Bütün insanların kendine özgü gizleri vardır diye düşündüğüm çok olmuştur. Bakışlarında, el sıkışlarında, yürüyüşlerinde, kısaca tüm eylemlerinde, başkalarının göremediği bir gizleri vardır. Bu gizi başkalarının görmesi ancak ve ancak büyük yoğunlaşmalar sonrasında olabilir. Aslında ayrı bir çalışma konusu bunlar ama insanı insan yapanın, kendine özgü ayrılıkları, farklılıkları neden olmasın?
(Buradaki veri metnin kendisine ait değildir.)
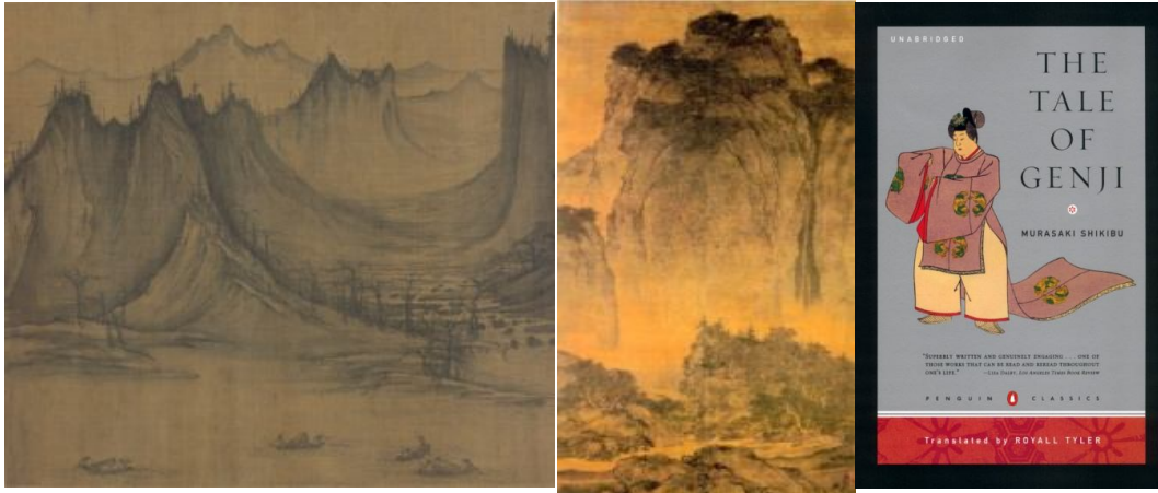
1. Artist Xu Daoning, Fishermen's Evening Song . 2. Artist Fan Kuan, Travellers Amid Mountains and Streams . 3. Author Murasaki Shikibu, Book The Tale of Genji .

and time. There is frequent depiction of roads or paths that seem to lead the viewer's eye into the work.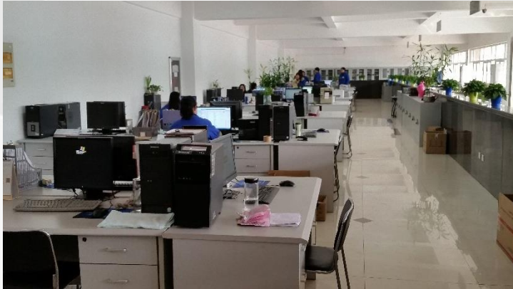
Global Parts Headquarters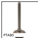
Piede snodato con base stampata Ø80, Ø 80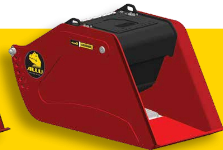
AC 25 - 37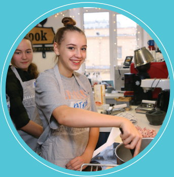
Life Skills Training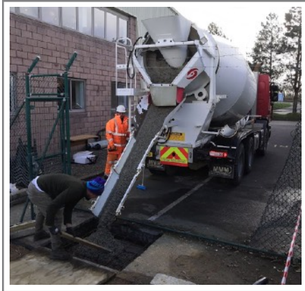
Foundation pads being poured

On 19 th December the foundation pads were poured for the new balcony extension. The Committee hired labour directly to dig the holes & pre-build the steel cages. In addition the Club purchased the reinforcement and concrete at trade prices to keep costs as low as possible. We will have a more detailed update on the balcony along with the planned dates for installation in the next newsletter.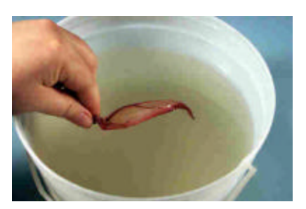
10. Float in water to demonstrate buoyancy.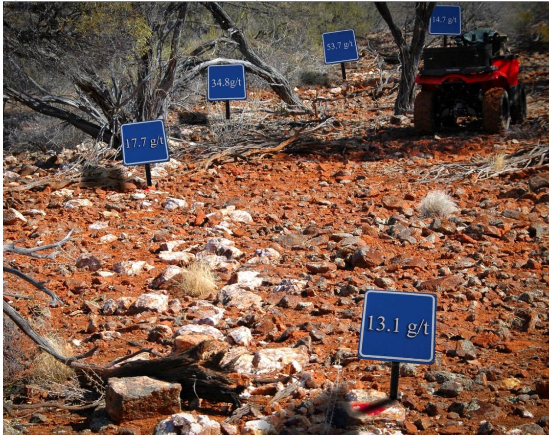
Table 1> Significant rock chip results from recent detailed Black Dog extension sampling (above 1.0g/t)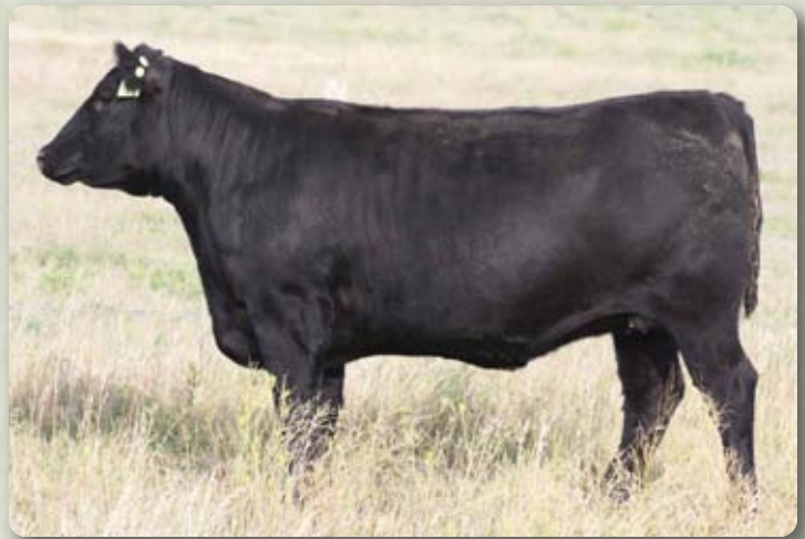
Lot 28 - Sunny Grove Rosebud 5B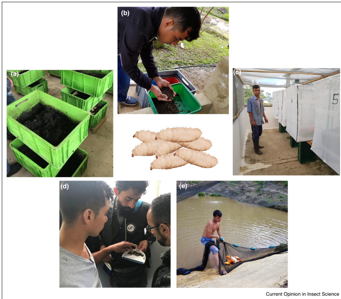
Setting up a black soldier fly culture on farm by ex-combatants. (a) Rearing larvae on organic waste stream, (b) harvesting larvae, (c) rearing adult flies for oviposition, (d) interaction of academic partners and ex-combatants on production of black soldier flies as feed, (e) producing tilapia on farm, fed with black soldier fly larvae as feed ingredient. In the centre, seven full-grown sixth instar black soldier fly larvae are shown.

external inputs. By reintegrating ex-combatants in Colombian society, the production of insects for feed may contribute to SDG 16. Ex-combatants in Icononzo (Colombia) are enthusiastic and have engaged in rearing BSF as an economic option, and want to replicate it in other regions where they have settled. Next steps involve assessing farmer acceptance of integrating insect meal in animal feeds and willingness to pay for insect-based feed, like has been shown in Kenya [13 o ,50]. Moreover, linkages between farmers and the market need to be established to enhance utilization of insect meal as an innovative and locally available feed resource.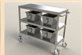
Ash Storage/Cooling rack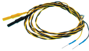
Disposable Subdermal Needle Electrodes, Twisted Pair

Necati Albay neden yıllarca bu saklı hüzünlü yaşamını sürdürsün ki?
Albaylık gibi bir mevkide ve önemli kurumlarda çalışmış olmasına rağmen yalın bir yaşamın içindeydi ve köyünde yaşamaktan mutluydu. Her insanın olduğu gibi onun da yereğinin zulasında birçok sorunu vardı elbet. Başkalarının bu tür sorunları deşmesinden yana olmadığımdan hiç sormadım. Ara ara küçük de olsa bu tür konulara girer ve hemencecik uzaklaşırdık o sıkıntılardan. Gazete kapandıktan sonra da görüştük ve ben buralardan ayrılıp yeniden İstanbul’a döndüğümde ara ara gelişlerimde buluşsak da kopuş başlamıştı. En son yine Küçük Yoncalı’da, sonbaharın yazdan kalan kısımlarından bir gün, kahvede epeyce görüşm, dertleşmiştik. Sonra hasta olduğunu duydum ve her zaman durumunu öğrenmeye çalışsam da gidip ziyaret etme cesaretini gösteremedim.
Bu korkaklığımı, nedenini sorgulamadığım bu eylemsizliğimi bir gün aşarım ama ne olursa olsun o benim güzel insanlarımdan biridir ve ülkesinin geleceğine terini akıtmış yürekli bir dosttur.
Sağlığına kavuşması insanlığın yararınadır.